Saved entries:
#####

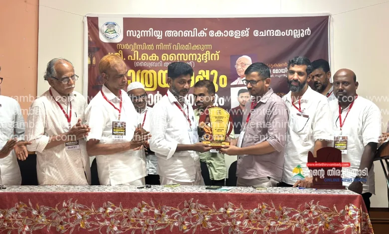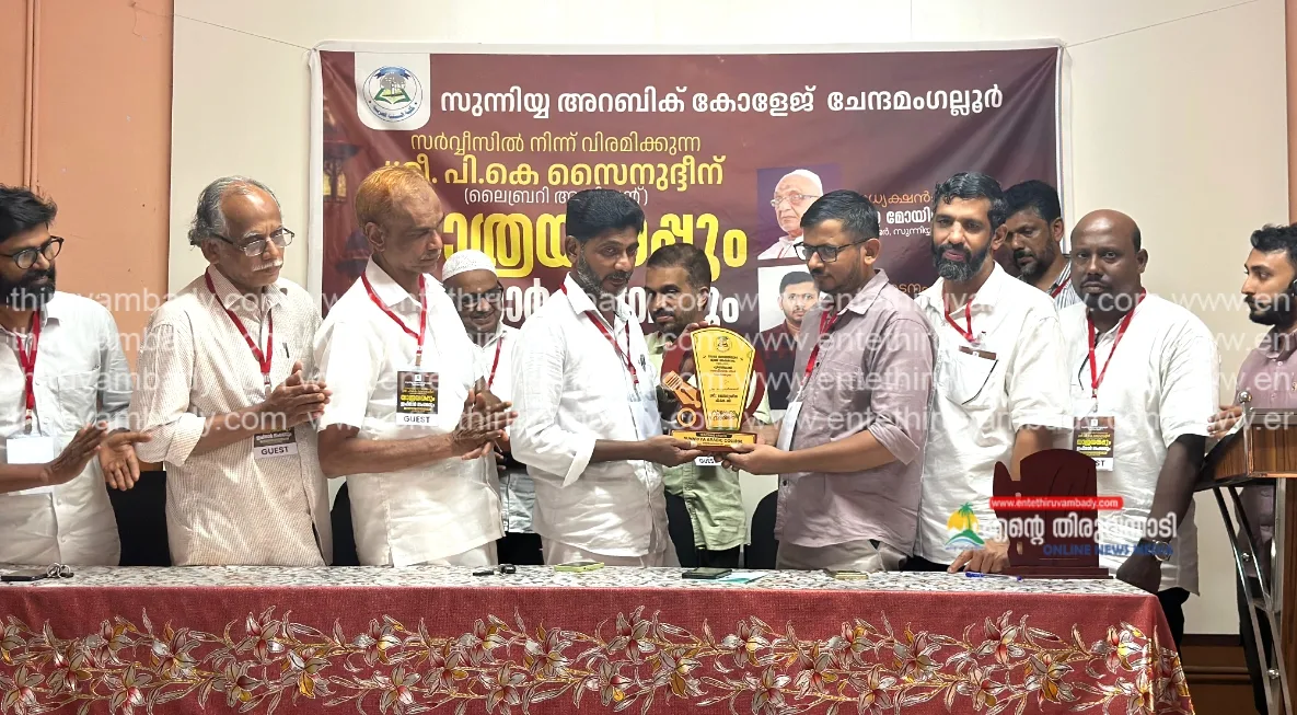 ചേന്ദമംഗലൂർ സുന്നിയ്യ അറബിക് കോളേജിലെ ലൈബ്രറി അസിസ്റ്റന്റ് തസ്തികയിൽ നിന്ന് വിരമിക്കുന്ന പി.കെ സൈനുദ്ദീനുള്ള യാത്രയയപ്പും ഇഫ്താർ സംഗമവും സംഘടിപ്പിച്ചു. കോളേജ് സെമിനാർ ഹാളിൽ നടന്ന ചടങ്ങ് കോളേജിയേറ്റ് എജുക്കേഷൻ സീനിയർ സൂപ്രണ്ട് എം. സുഹൈൽ ഉദ്ഘാടനം ചെയ്തു. മാനേജർ മോയിഹാജി അധ്യക്ഷത വഹിച്ച ചടങ്ങിൽ കാലിക്കറ്റ് യൂണിവേഴ്സിറ്റി സിൻഡിക്കേറ്റ് അംഗം മധു രാമനാട്ടുകര, ജി.എം.യു.പി.സ്കൂൾ ഹെഡ്മാസ്റ്റർ വാസു, മാനേജിംഗ് കമ്മറ്റി പ്രസിഡണ്ട് ഡോ.സി.കെ അഹമ്മദ്, മുൻ പ്രിൻസിപ്പാൾ ഡോ.കെ.കെ.ഇസ്മായിൽ,പ്രൊഫസർ മുഹമ്മദ് ബാക്കൂത്ത്,മുൻ അധ്യാപകൻ ഡോ.മുഹമ്മദ് എം.പി, സ്റ്റാഫ് സെക്രട്ടറി പ്രൊഫസർ പി.പി.അബ്ദുൽ റസാഖ്, അറബിക് വിഭാഗം മേധാവി ഡോ.കെ.എം.അബ്ദുൾ ലത്തീഫ് നദ് വി, കൊമേഴ്സ് വിഭാഗം തലവൻ പി.ടി.ജൈസൽ, ഹെഡ് അക്കൗണ്ടന്റ് എം.പി.അബ്ദുസ്സലിം,ലൈബ്രേറിയൻ ശാദിയ മുഹമ്മദ്,മലയാള വിഭാഗം അധ്യാപകൻ എൻ.ശശികുമാർ, ഇംഗ്ലീഷ് വിഭാഗം അധ്യാപിക ബാസില, ഓഫീസ് പ്രതിനിധി മുഹമ്മദ് ഷാജി,കോളേജ് യൂണിയൻ ചെയർമാൻ നിഹാൽ എന്നിവർ സംസാരിച്ചു. പി.കെ.സൈനുദ്ദീൻ മറുപടി പ്രസംഗം നടത്തി.
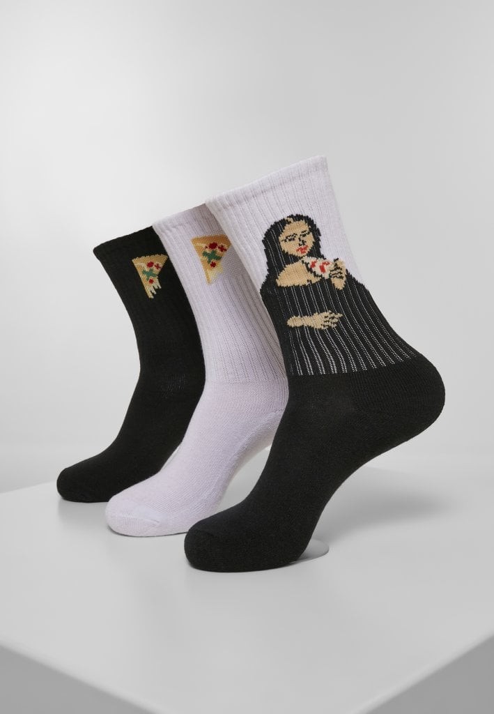 Detta 3-pack strumpor från Arti bjuder på en unik design med pizzamotiv. Setet innehåller tre olika par: ett par svarta med pizza slice, ett par vita med pizza slice och ett par svart/vita med Mona Lisa som äter pizza. Strumporna är tillverkade i en blandning av bomull, polyester och elastan för optimal komfort.
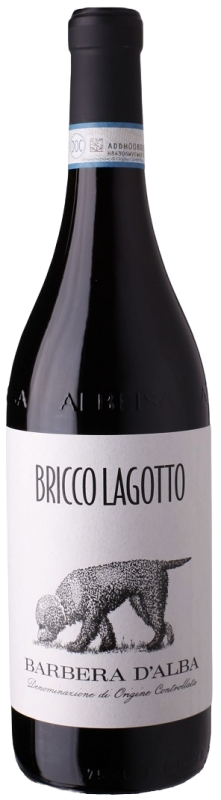 Wein und Hund: Die Verbindung des Lagotto Romagnolo mit dem Trüffelsuchen wird sogar als Etikette auf Weinflaschen genutzt, wie dem Barbera d’Alba DOC Bricco Lagotto.
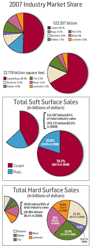 | | 2007 Statistical data highlighting total market share, soft surface sales, and hard surface sales in total dollars spent. |
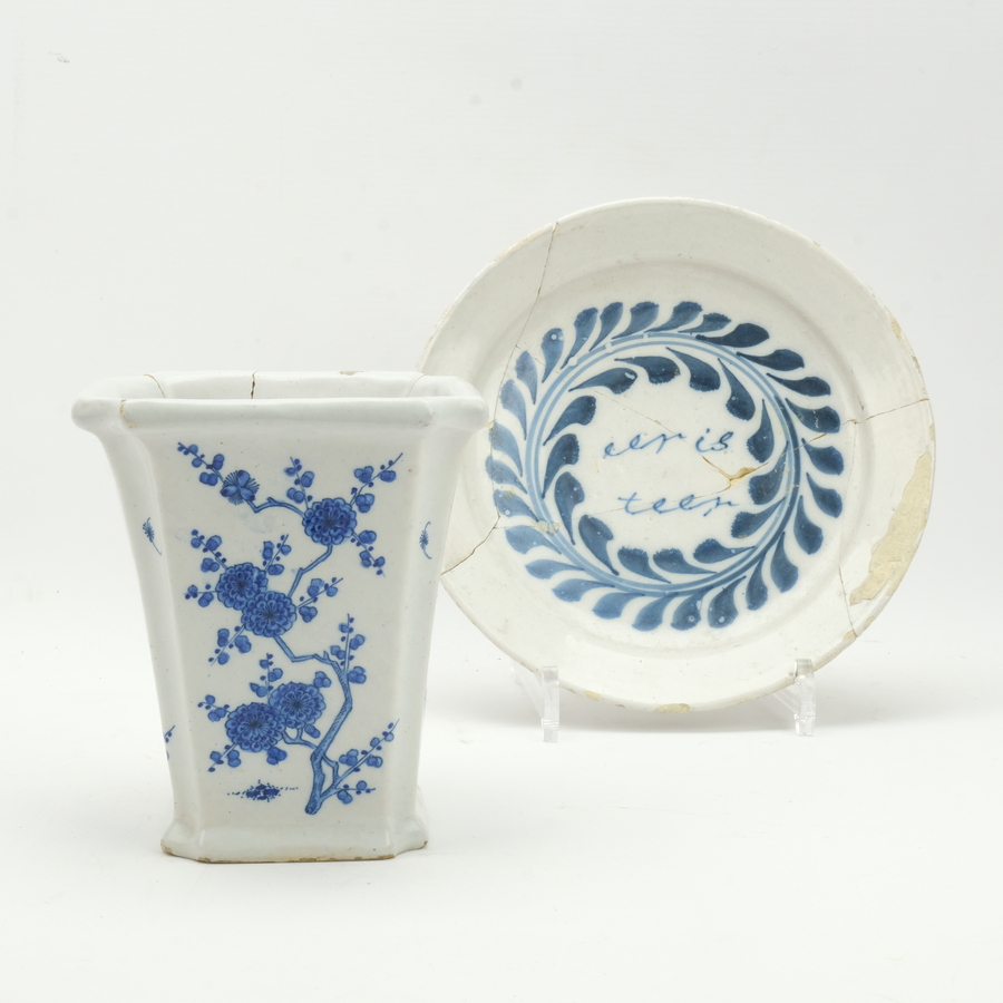Een 18e eeuwse Delfts aardewerken jardiniere met blauw-wit decoractie van bloemen op tak, gemerkt D16. En een 18e eeuws spreukbordje met spreuk ‘eer is teer’
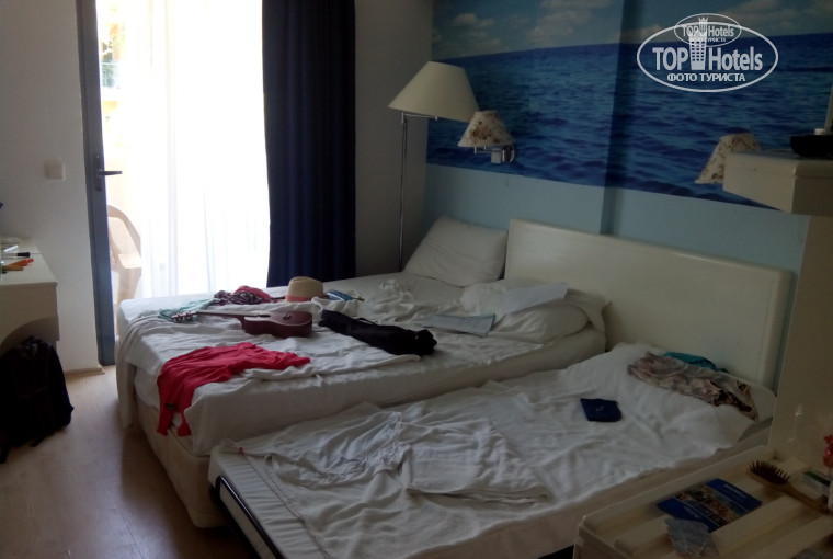 Отдыхали в этом отеле с подругой и дочерью в середине августа. Доехали довольно быстро, часа за полтора. Разместили нас через 4 часа после приезда. И тут у нас был шок. Вместо оплаченного двойного стандарта нам представили стандарт и просто приставили раскладушку. В номере было невозможно ходить. Место вообще не было, даже шкаф не открывался. Никакие скандалы на ресепшене вопрос не решили.Ну мы погрустили и решили не заморачиваться.
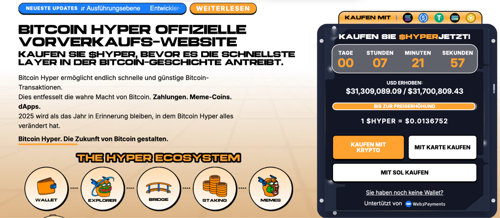 Wenn Vertrauen in das Basisnetzwerk zurückkehrt, steigt häufig auch das Interesse an Lösungen, die Skalierung, Geschwindigkeit oder zusätzliche Anwendungen rund um Bitcoin ermöglichen. In diesem Kontext wird aktuell verstärkt über Bitcoin Hyper gesprochen. Das Projekt positioniert sich als Layer-2-Lösung, die Bitcoin-Transaktionen mit höherer Geschwindigkeit und erweiterten Smart-Contract-Funktionen verbinden soll. Technologisch setzt Bitcoin Hyper dabei auf eine Bridge-Architektur, die Bitcoin mit einer Solana-Virtual-Machine-Umgebung verknüpft. Das Ziel ist es, die Sicherheit des Bitcoin-Netzwerks mit der hohen Transaktionsgeschwindigkeit und Programmierbarkeit moderner Smart-Contract-Plattformen zu kombinieren.
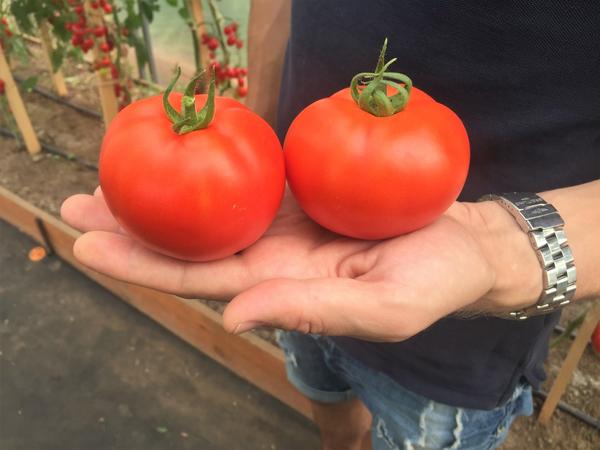 The early-ripening tomato variety bears fruit within 78 days after planting the seeds - and at the same time, tomatoes ripen evenly and simultaneously. In appearance, ripe fruits are very beautiful - rounded, with small protrusions near the stalk, they have a bright red saturated color and a dense shiny skin. There is no green spot at the point of attachment of the tomato to the stem during the ripening period - the shade of the fruit remains uniform.
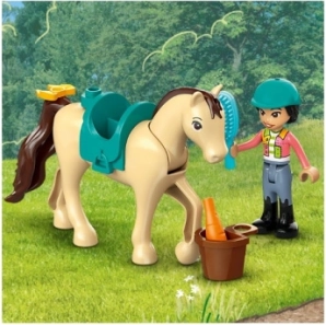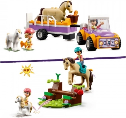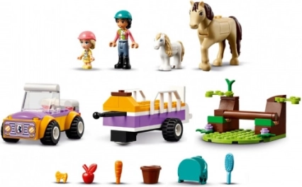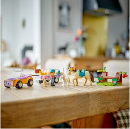 Acest set colorat oferă copiilor tot ce au nevoie pentru o excursie în natură: o mașină cu remorcă pentru transportul calului și poneiului, minifigurinele Liann și Zoi și multe accesorii pentru îngrijirea animalelor. Datorită piesei de start, construcția este rapidă și intuitivă, fiind ideală pentru constructorii mai mici. În plus, aplicația LEGO Builder permite vizualizarea modelelor în 3D și urmărirea progresului.
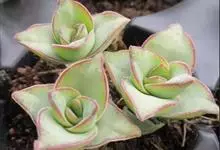 若歌诗是景天科青锁龙属的多肉植物。植株易丛生,茎淡绿色,细柱状,冷凉季节在阳光下会变红色;叶片肉质对生,叶片长可达3-3.5厘米,叶形像微型的汤匙,叶缘微黄或微红色,在充足的光照下,叶片会变得肥厚饱满,…全部>>

#####

The records above must be returned exactly, with each picture omitted.

 ചേന്ദമംഗലൂർ സുന്നിയ്യ അറബിക് കോളേജിലെ ലൈബ്രറി അസിസ്റ്റന്റ് തസ്തികയിൽ നിന്ന് വിരമിക്കുന്ന പി.കെ സൈനുദ്ദീനുള്ള യാത്രയയപ്പും ഇഫ്താർ സംഗമവും സംഘടിപ്പിച്ചു. കോളേജ് സെമിനാർ ഹാളിൽ നടന്ന ചടങ്ങ് കോളേജിയേറ്റ് എജുക്കേഷൻ സീനിയർ സൂപ്രണ്ട് എം. സുഹൈൽ ഉദ്ഘാടനം ചെയ്തു. മാനേജർ മോയിഹാജി അധ്യക്ഷത വഹിച്ച ചടങ്ങിൽ കാലിക്കറ്റ് യൂണിവേഴ്സിറ്റി സിൻഡിക്കേറ്റ് അംഗം മധു രാമനാട്ടുകര, ജി.എം.യു.പി.സ്കൂൾ ഹെഡ്മാസ്റ്റർ വാസു, മാനേജിംഗ് കമ്മറ്റി പ്രസിഡണ്ട് ഡോ.സി.കെ അഹമ്മദ്, മുൻ പ്രിൻസിപ്പാൾ ഡോ.കെ.കെ.ഇസ്മായിൽ,പ്രൊഫസർ മുഹമ്മദ് ബാക്കൂത്ത്,മുൻ അധ്യാപകൻ ഡോ.മുഹമ്മദ് എം.പി, സ്റ്റാഫ് സെക്രട്ടറി പ്രൊഫസർ പി.പി.അബ്ദുൽ റസാഖ്, അറബിക് വിഭാഗം മേധാവി ഡോ.കെ.എം.അബ്ദുൾ ലത്തീഫ് നദ് വി, കൊമേഴ്സ് വിഭാഗം തലവൻ പി.ടി.ജൈസൽ, ഹെഡ് അക്കൗണ്ടന്റ് എം.പി.അബ്ദുസ്സലിം,ലൈബ്രേറിയൻ ശാദിയ മുഹമ്മദ്,മലയാള വിഭാഗം അധ്യാപകൻ എൻ.ശശികുമാർ, ഇംഗ്ലീഷ് വിഭാഗം അധ്യാപിക ബാസില, ഓഫീസ് പ്രതിനിധി മുഹമ്മദ് ഷാജി,കോളേജ് യൂണിയൻ ചെയർമാൻ നിഹാൽ എന്നിവർ സംസാരിച്ചു. പി.കെ.സൈനുദ്ദീൻ മറുപടി പ്രസംഗം നടത്തി.
 Detta 3-pack strumpor från Arti bjuder på en unik design med pizzamotiv. Setet innehåller tre olika par: ett par svarta med pizza slice, ett par vita med pizza slice och ett par svart/vita med Mona Lisa som äter pizza. Strumporna är tillverkade i en blandning av bomull, polyester och elastan för optimal komfort.
 Wein und Hund: Die Verbindung des Lagotto Romagnolo mit dem Trüffelsuchen wird sogar als Etikette auf Weinflaschen genutzt, wie dem Barbera d’Alba DOC Bricco Lagotto.
 | | 2007 Statistical data highlighting total market share, soft surface sales, and hard surface sales in total dollars spent. |
Een 18e eeuwse Delfts aardewerken jardiniere met blauw-wit decoractie van bloemen op tak, gemerkt D16. En een 18e eeuws spreukbordje met spreuk ‘eer is teer’
 Отдыхали в этом отеле с подругой и дочерью в середине августа. Доехали довольно быстро, часа за полтора. Разместили нас через 4 часа после приезда. И тут у нас был шок. Вместо оплаченного двойного стандарта нам представили стандарт и просто приставили раскладушку. В номере было невозможно ходить. Место вообще не было, даже шкаф не открывался. Никакие скандалы на ресепшене вопрос не решили.Ну мы погрустили и решили не заморачиваться.
 Wenn Vertrauen in das Basisnetzwerk zurückkehrt, steigt häufig auch das Interesse an Lösungen, die Skalierung, Geschwindigkeit oder zusätzliche Anwendungen rund um Bitcoin ermöglichen. In diesem Kontext wird aktuell verstärkt über Bitcoin Hyper gesprochen. Das Projekt positioniert sich als Layer-2-Lösung, die Bitcoin-Transaktionen mit höherer Geschwindigkeit und erweiterten Smart-Contract-Funktionen verbinden soll. Technologisch setzt Bitcoin Hyper dabei auf eine Bridge-Architektur, die Bitcoin mit einer Solana-Virtual-Machine-Umgebung verknüpft. Das Ziel ist es, die Sicherheit des Bitcoin-Netzwerks mit der hohen Transaktionsgeschwindigkeit und Programmierbarkeit moderner Smart-Contract-Plattformen zu kombinieren.
 The early-ripening tomato variety bears fruit within 78 days after planting the seeds - and at the same time, tomatoes ripen evenly and simultaneously. In appearance, ripe fruits are very beautiful - rounded, with small protrusions near the stalk, they have a bright red saturated color and a dense shiny skin. There is no green spot at the point of attachment of the tomato to the stem during the ripening period - the shade of the fruit remains uniform.
 Acest set colorat oferă copiilor tot ce au nevoie pentru o excursie în natură: o mașină cu remorcă pentru transportul calului și poneiului, minifigurinele Liann și Zoi și multe accesorii pentru îngrijirea animalelor. Datorită piesei de start, construcția este rapidă și intuitivă, fiind ideală pentru constructorii mai mici. În plus, aplicația LEGO Builder permite vizualizarea modelelor în 3D și urmărirea progresului.
 若歌诗是景天科青锁龙属的多肉植物。植株易丛生,茎淡绿色,细柱状,冷凉季节在阳光下会变红色;叶片肉质对生,叶片长可达3-3.5厘米,叶形像微型的汤匙,叶缘微黄或微红色,在充足的光照下,叶片会变得肥厚饱满,…全部>>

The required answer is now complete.